**TASK ITEM**.
Exactly the lines from the first line of the records to the line holding "NJ19803A Nils Extreme" should be duplicated, and nothing more; pictures stay out.

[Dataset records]
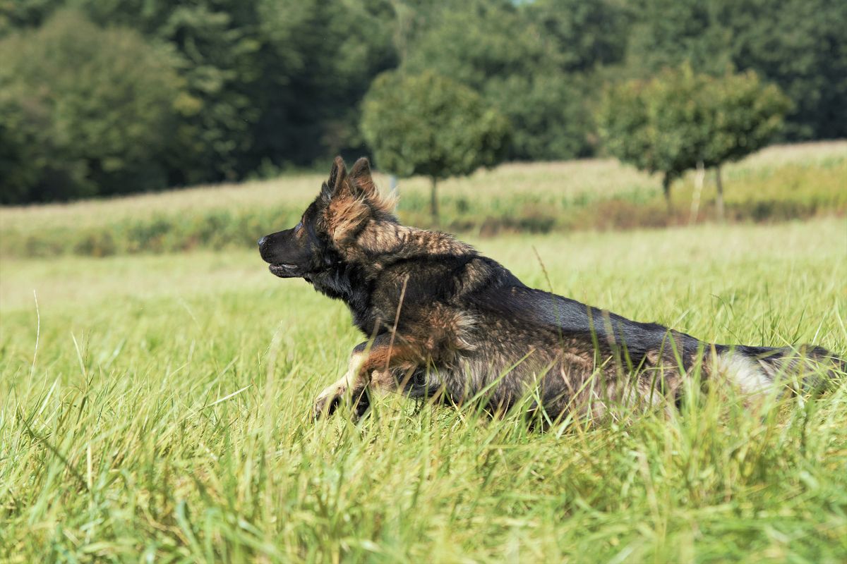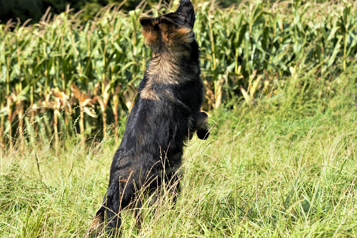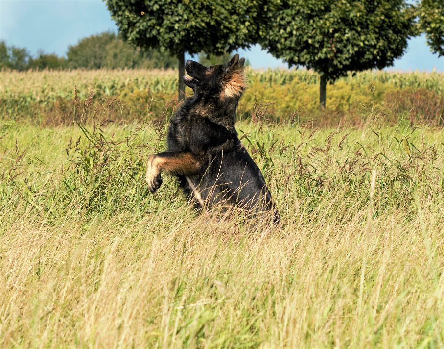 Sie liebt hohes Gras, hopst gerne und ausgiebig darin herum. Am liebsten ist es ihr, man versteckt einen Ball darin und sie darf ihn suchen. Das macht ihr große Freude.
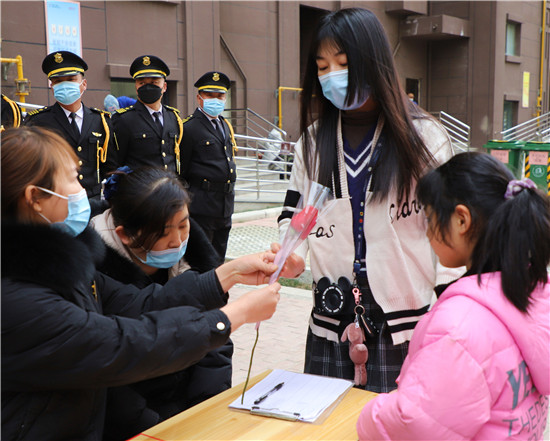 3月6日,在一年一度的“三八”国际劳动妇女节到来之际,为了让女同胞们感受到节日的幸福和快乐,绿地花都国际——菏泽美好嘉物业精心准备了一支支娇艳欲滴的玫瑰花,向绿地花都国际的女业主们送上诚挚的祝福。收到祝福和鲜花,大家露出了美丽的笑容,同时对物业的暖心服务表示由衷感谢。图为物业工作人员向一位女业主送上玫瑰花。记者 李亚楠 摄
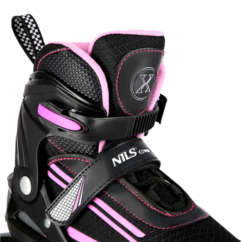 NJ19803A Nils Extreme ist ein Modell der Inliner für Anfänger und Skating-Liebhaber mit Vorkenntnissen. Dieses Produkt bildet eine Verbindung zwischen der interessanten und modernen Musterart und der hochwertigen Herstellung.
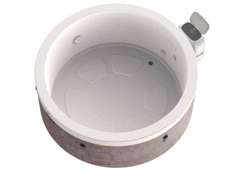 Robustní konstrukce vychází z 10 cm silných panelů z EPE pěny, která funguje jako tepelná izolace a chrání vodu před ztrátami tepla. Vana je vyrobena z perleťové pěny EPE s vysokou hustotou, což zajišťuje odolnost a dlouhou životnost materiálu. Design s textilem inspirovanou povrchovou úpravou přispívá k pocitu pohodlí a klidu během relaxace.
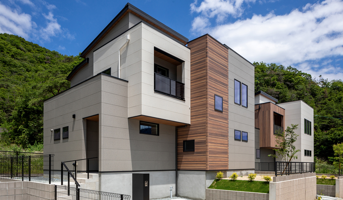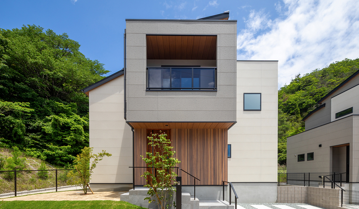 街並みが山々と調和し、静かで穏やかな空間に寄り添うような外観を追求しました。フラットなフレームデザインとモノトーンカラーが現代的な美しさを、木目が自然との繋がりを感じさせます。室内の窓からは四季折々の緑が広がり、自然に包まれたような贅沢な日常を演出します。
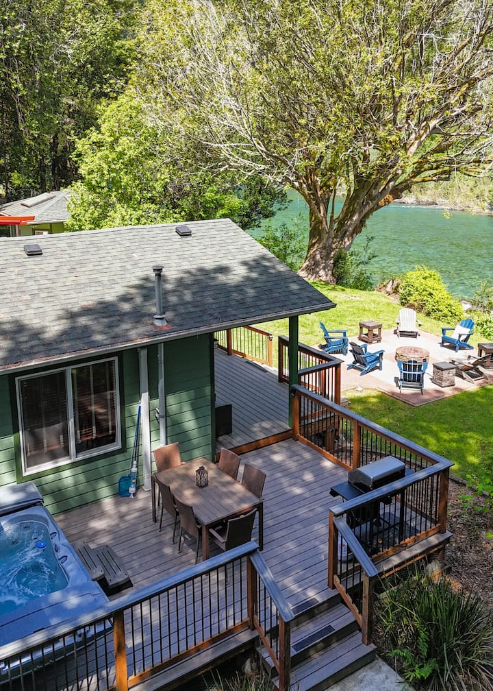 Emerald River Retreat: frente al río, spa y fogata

**PROBLEM SOLUTION**.
 Sie liebt hohes Gras, hopst gerne und ausgiebig darin herum. Am liebsten ist es ihr, man versteckt einen Ball darin und sie darf ihn suchen. Das macht ihr große Freude.
 3月6日,在一年一度的“三八”国际劳动妇女节到来之际,为了让女同胞们感受到节日的幸福和快乐,绿地花都国际——菏泽美好嘉物业精心准备了一支支娇艳欲滴的玫瑰花,向绿地花都国际的女业主们送上诚挚的祝福。收到祝福和鲜花,大家露出了美丽的笑容,同时对物业的暖心服务表示由衷感谢。图为物业工作人员向一位女业主送上玫瑰花。记者 李亚楠 摄
 NJ19803A Nils Extreme ist ein Modell der Inliner für Anfänger und Skating-Liebhaber mit Vorkenntnissen. Dieses Produkt bildet eine Verbindung zwischen der interessanten und modernen Musterart und der hochwertigen Herstellung.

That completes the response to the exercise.